- [TASK TO CARRY OUT]: For every entry, reproduce the wording exactly and omit any image it holds.

- [TASK INPUTS]:
*** Block opens ***

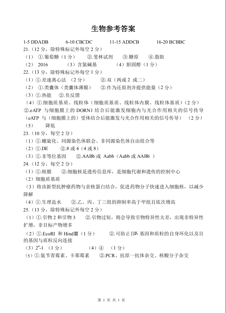四川省遂宁市射洪中学高2022级高三一模考试生物答案
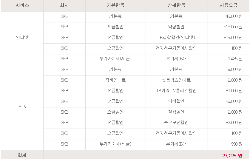 3년간 사용요금: 27,225원(월요금) x 36개월 = 980,100원
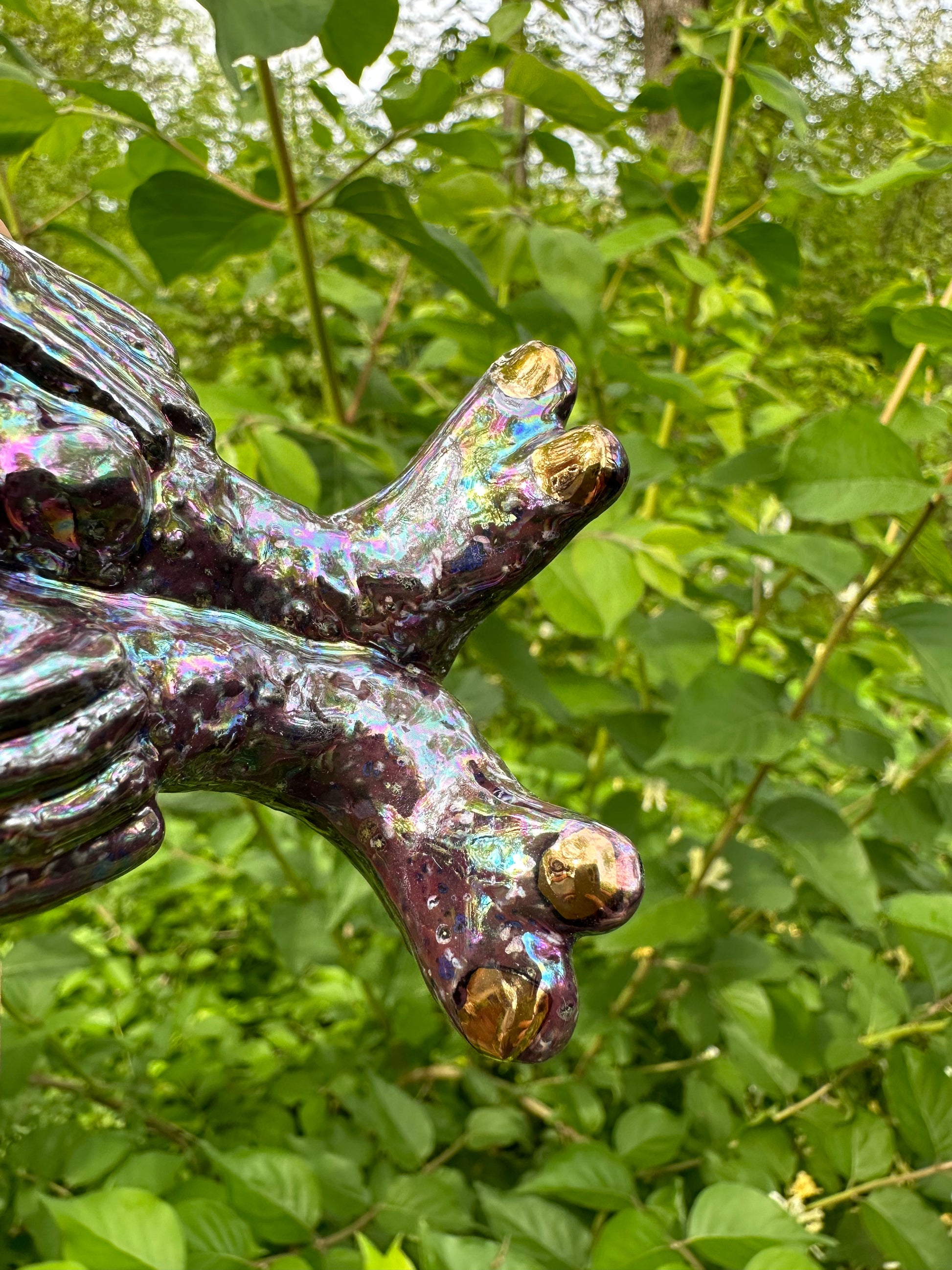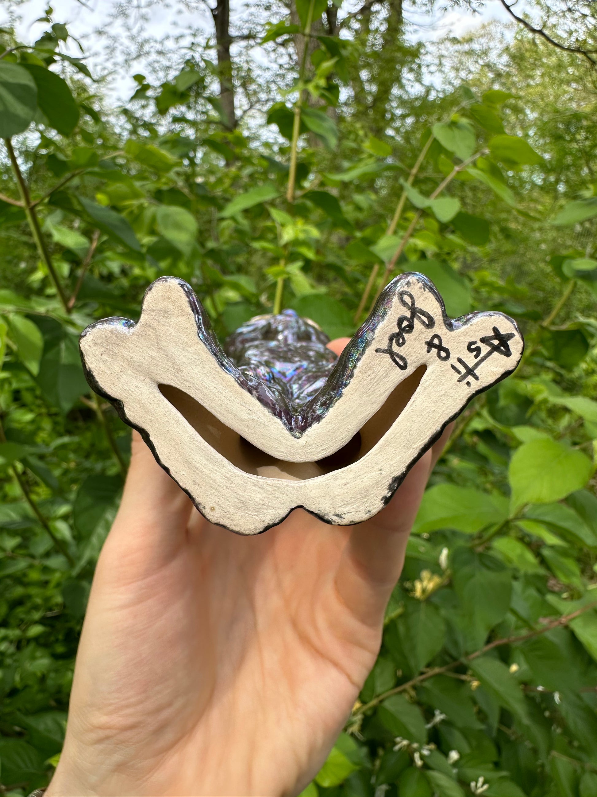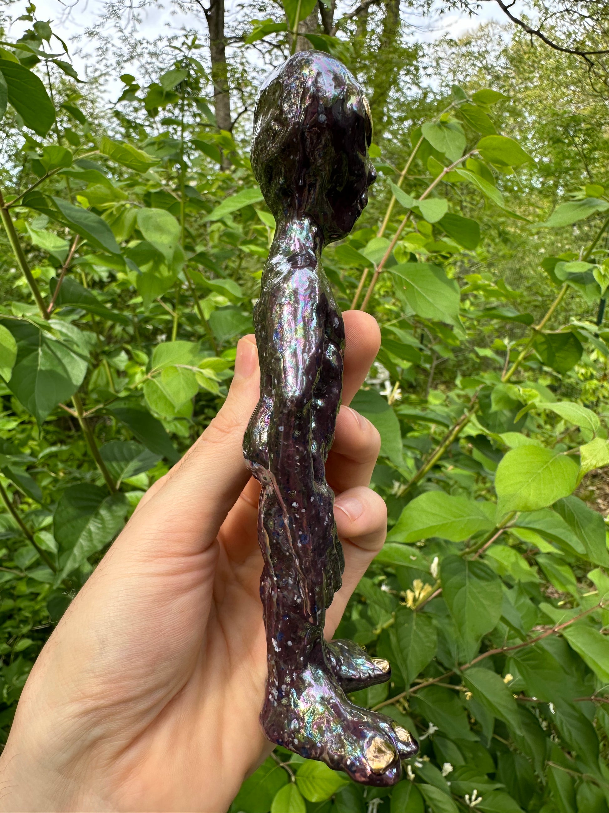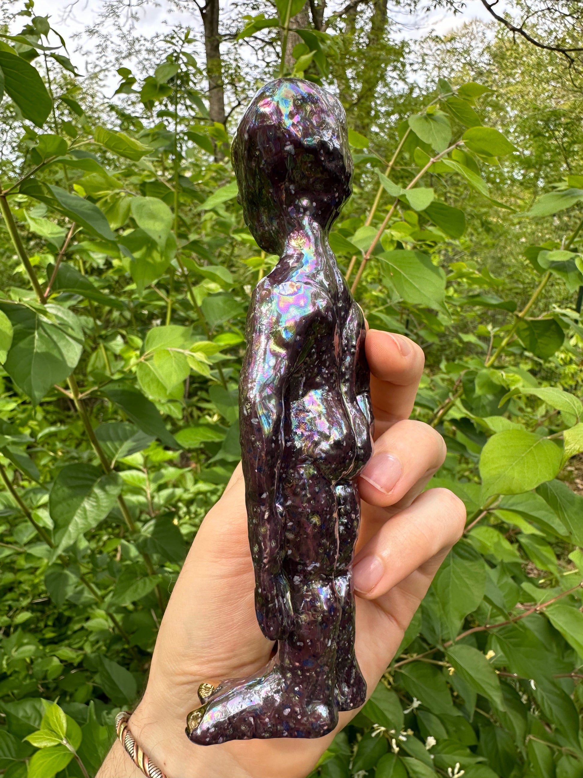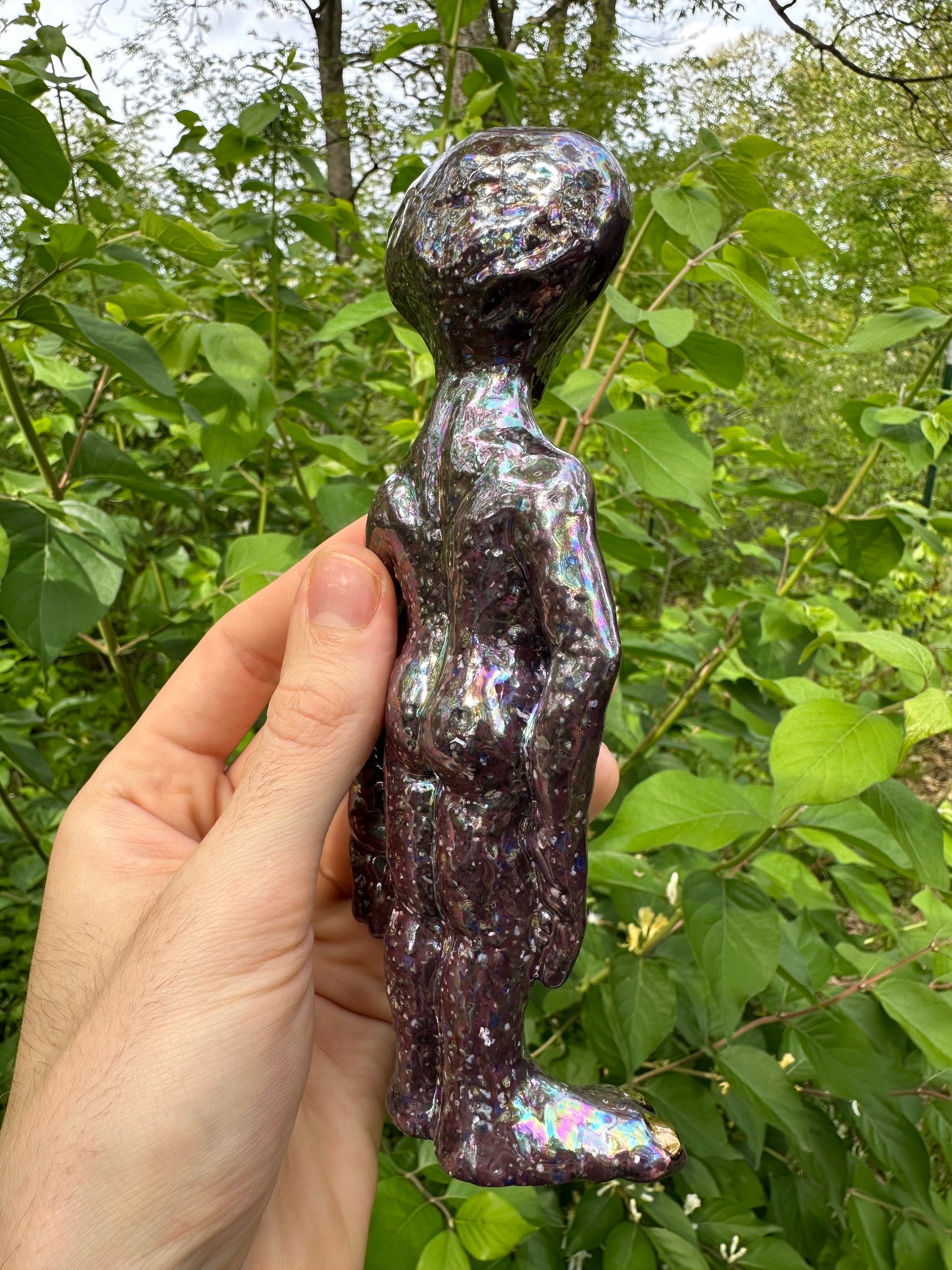 Meet your new cosmic companion — our handmade ceramic alien figure! Uniquely crafted with shimmering, iridescent glazes and finished with dazzling gold accents on the eyes and toes that sparkle like stardust. This curious extraterrestrial radiates mystery, charm, and out-of-this-world vibes — perfect for adorning your shelves, sparking conversation, or gifting to someone who believes the truth is out there. A stellar addition for collectors or anyone who loves the unusual, this little being is sure to bring otherworldly joy to those seeking the extraordinary.
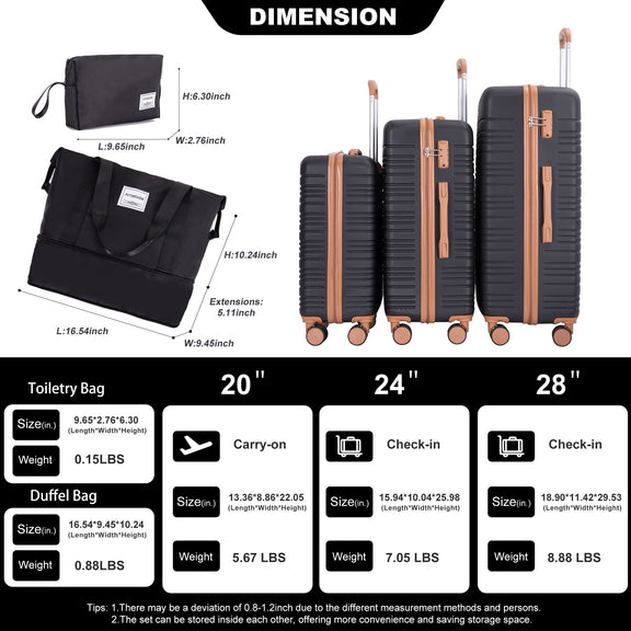 5 Piece Set (20"24"28 +A Travel Bag And A Toiletry Bag), Hard Case Spinner Wheels Luggage Sets With Tsa Lock Carry On Suitcase Luggage Durable Suitcase - Black
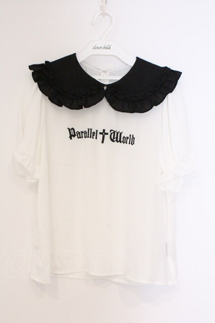 Jamie エーエヌケー / ゴシックロゴブラウス M シロ×クロ O-26-03-21-039-LO-BL-OW-OS
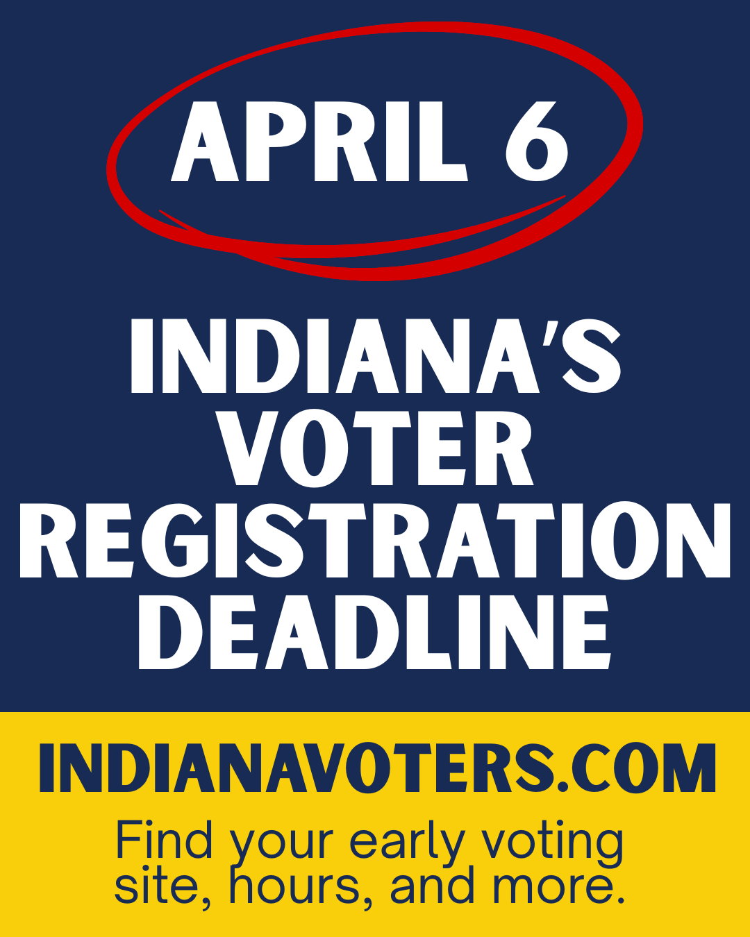 We are just days away from the deadline to register to vote in Indiana. Please head to indianavoters.com today and double check your registration before the deadline on Monday, April 6.
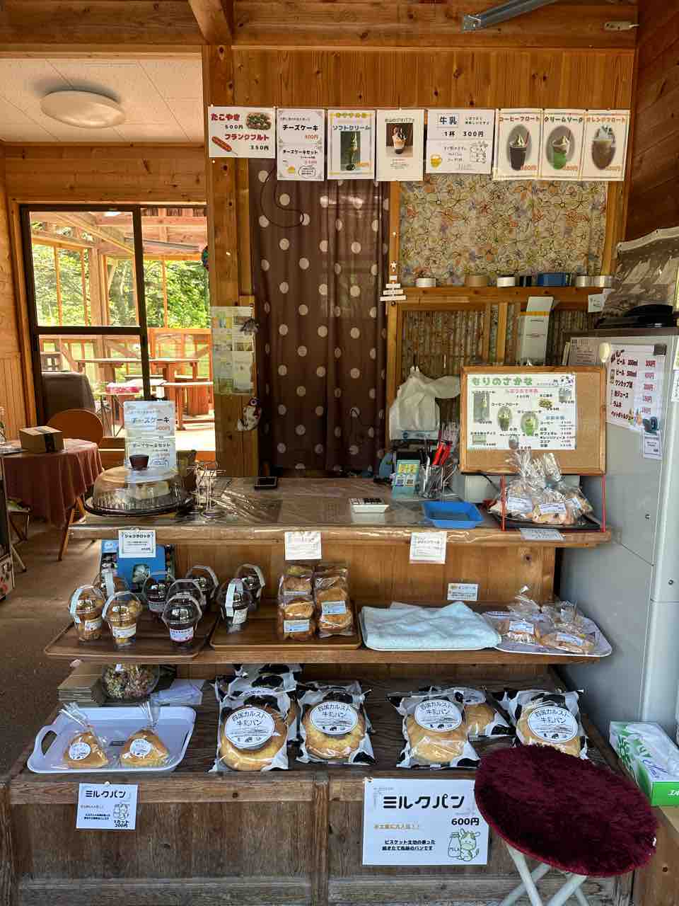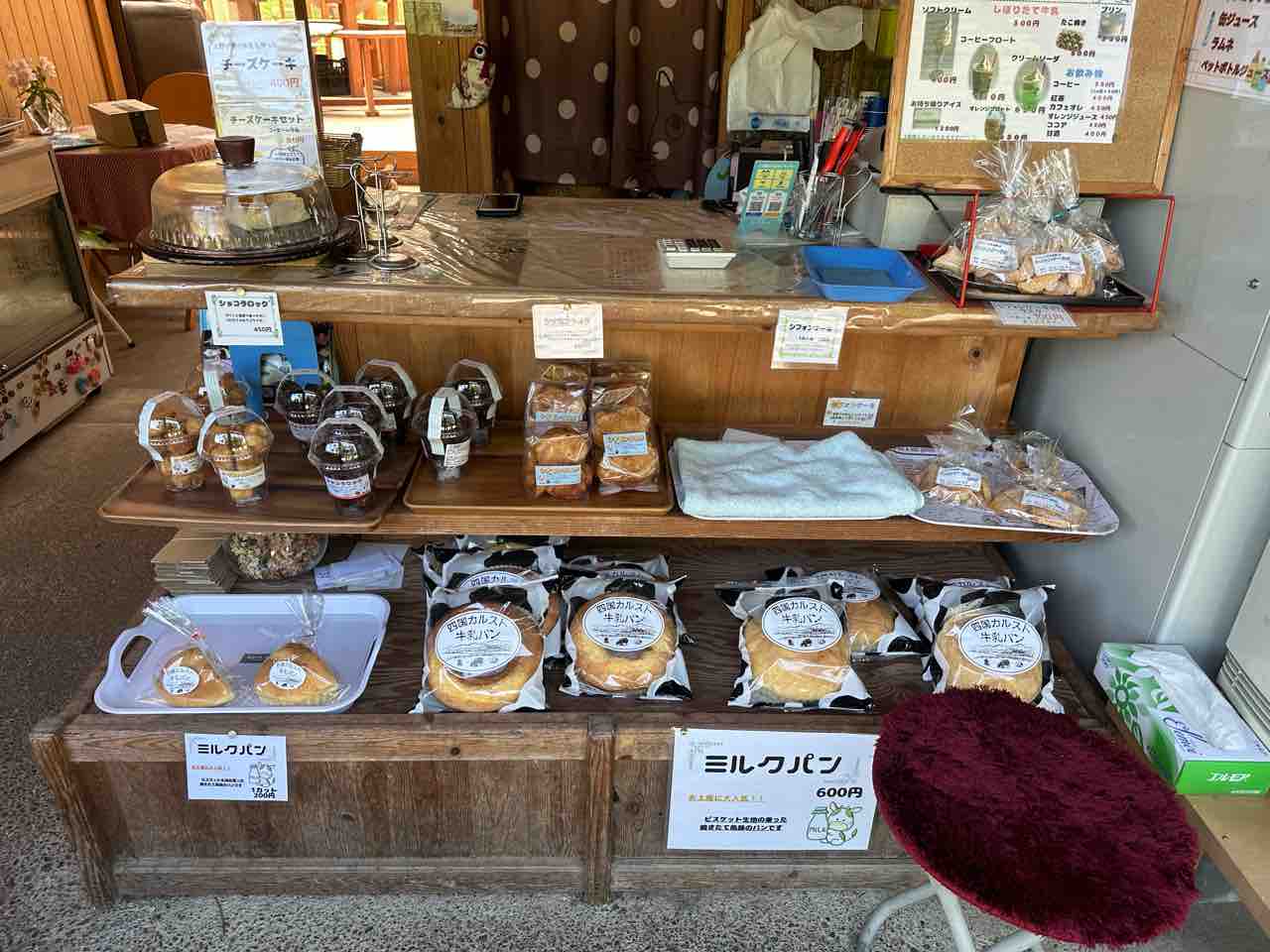 カウンター下の棚には、ふわっとしたパンにクリームをたっぷり詰めた「ミルクパン」や、香ばしいラスク、四国カルスト牛乳パンなどが整然と並べられており、どれも地元の素材を生かした手づくり品ばかり。木の棚やレジ周りの雑貨も素朴であたたかく、ほっと落ち着ける雰囲気です。
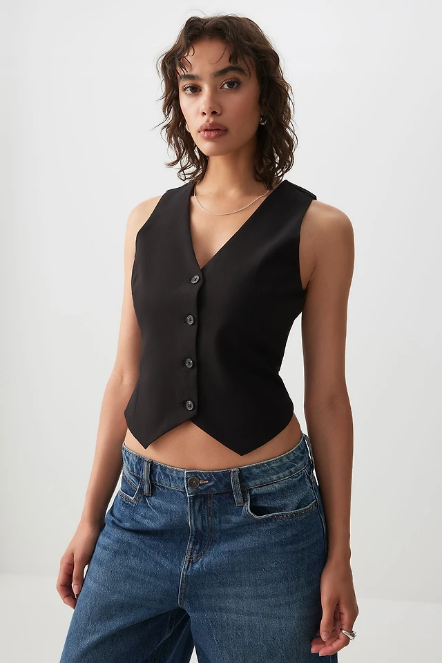 Ardene Tailored Vest in Black | Size Medium | Polyester/Rayon/Spandex
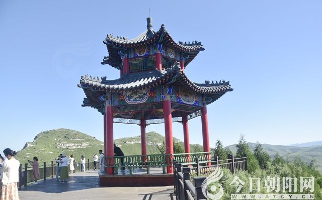 下車沿木棧道拾階而上,到達(dá)觀景臺。觀景臺的主體是一個古色古香的亭子,亭子造型別致,兩層灰色瓦檐上翹,猶如從遠(yuǎn)古飛來的兩只大鳥,在藍(lán)天展翅翱翔。亭里視野開闊,涼風(fēng)習(xí)習(xí),或立或坐,極目遠(yuǎn)眺,四周美景若凌河之水奔騰而來,紛紛撞入游人的眼簾。
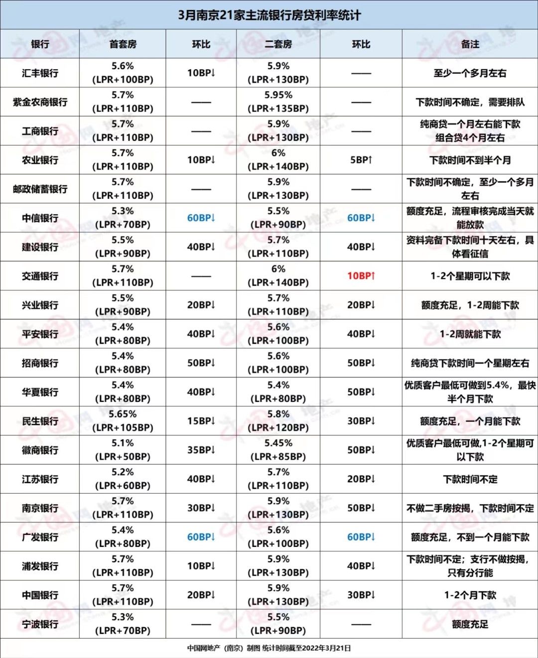 而在南京,3月份21家银行全面下调房贷利率,首套房利率普遍降至5.3-5.5%,最低仅5.1%;二套房利率普遍降至5.6-5.8%,最低仅5.4%!
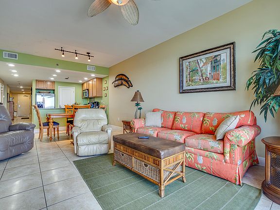 CURRENTLY UNDER CONTRACT, SELLER ACCEPTING BACKUP OFFERSThis one of a kind property conjures up images of sun-splashed days of swimming, biking, and relaxing. It lives like a beach house but comes with all the benefits of owning a condo. This property has been upgraded with stainless in the kitchen and hard surface flooring throughout and conveys fully furnishings and rental ready! Efficient floor-plan (1358sq.ft.; 2Bed, 3Bath + Bunkroom ) allows for fabulous Gulf and sunset views from balcony, living room, dining room, kitchen, & master suite providing the ultimate alfresco living and entertaining environment! Sunset views from the private balcony are perfect end to a sunny day and beginning to an exciting evening.
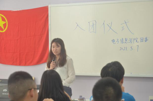 紧接着,新老团员相继发言,新鲜血液和中坚力量的思想相互碰撞,一起畅谈着自己对团的理解和展望。随后,朱婧老师讲话,她深入浅出地讲解了团员的责任和行为规范,并对新老团员提出了更高的要求,给予了极大的期待,希望团员们在今后更加优秀,成为一名合格的共青团员。
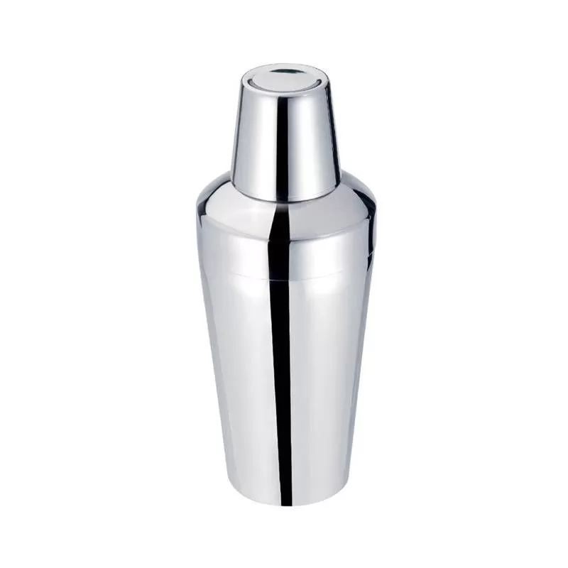 - Three-piece cocktail maker with strainer, lid, and shaker.

*** Block closes ***

- [RESPONSE]:
四川省遂宁市射洪中学高2022级高三一模考试生物答案
 3년간 사용요금: 27,225원(월요금) x 36개월 = 980,100원
 Meet your new cosmic companion — our handmade ceramic alien figure! Uniquely crafted with shimmering, iridescent glazes and finished with dazzling gold accents on the eyes and toes that sparkle like stardust. This curious extraterrestrial radiates mystery, charm, and out-of-this-world vibes — perfect for adorning your shelves, sparking conversation, or gifting to someone who believes the truth is out there. A stellar addition for collectors or anyone who loves the unusual, this little being is sure to bring otherworldly joy to those seeking the extraordinary.
 5 Piece Set (20"24"28 +A Travel Bag And A Toiletry Bag), Hard Case Spinner Wheels Luggage Sets With Tsa Lock Carry On Suitcase Luggage Durable Suitcase - Black
 Jamie エーエヌケー / ゴシックロゴブラウス M シロ×クロ O-26-03-21-039-LO-BL-OW-OS
 We are just days away from the deadline to register to vote in Indiana. Please head to indianavoters.com today and double check your registration before the deadline on Monday, April 6.
 カウンター下の棚には、ふわっとしたパンにクリームをたっぷり詰めた「ミルクパン」や、香ばしいラスク、四国カルスト牛乳パンなどが整然と並べられており、どれも地元の素材を生かした手づくり品ばかり。木の棚やレジ周りの雑貨も素朴であたたかく、ほっと落ち着ける雰囲気です。
 Ardene Tailored Vest in Black | Size Medium | Polyester/Rayon/Spandex
 下車沿木棧道拾階而上,到達(dá)觀景臺。觀景臺的主體是一個古色古香的亭子,亭子造型別致,兩層灰色瓦檐上翹,猶如從遠(yuǎn)古飛來的兩只大鳥,在藍(lán)天展翅翱翔。亭里視野開闊,涼風(fēng)習(xí)習(xí),或立或坐,極目遠(yuǎn)眺,四周美景若凌河之水奔騰而來,紛紛撞入游人的眼簾。
 而在南京,3月份21家银行全面下调房贷利率,首套房利率普遍降至5.3-5.5%,最低仅5.1%;二套房利率普遍降至5.6-5.8%,最低仅5.4%!
 CURRENTLY UNDER CONTRACT, SELLER ACCEPTING BACKUP OFFERSThis one of a kind property conjures up images of sun-splashed days of swimming, biking, and relaxing. It lives like a beach house but comes with all the benefits of owning a condo. This property has been upgraded with stainless in the kitchen and hard surface flooring throughout and conveys fully furnishings and rental ready! Efficient floor-plan (1358sq.ft.; 2Bed, 3Bath + Bunkroom ) allows for fabulous Gulf and sunset views from balcony, living room, dining room, kitchen, & master suite providing the ultimate alfresco living and entertaining environment! Sunset views from the private balcony are perfect end to a sunny day and beginning to an exciting evening.
 紧接着,新老团员相继发言,新鲜血液和中坚力量的思想相互碰撞,一起畅谈着自己对团的理解和展望。随后,朱婧老师讲话,她深入浅出地讲解了团员的责任和行为规范,并对新老团员提出了更高的要求,给予了极大的期待,希望团员们在今后更加优秀,成为一名合格的共青团员。
 - Three-piece cocktail maker with strainer, lid, and shaker.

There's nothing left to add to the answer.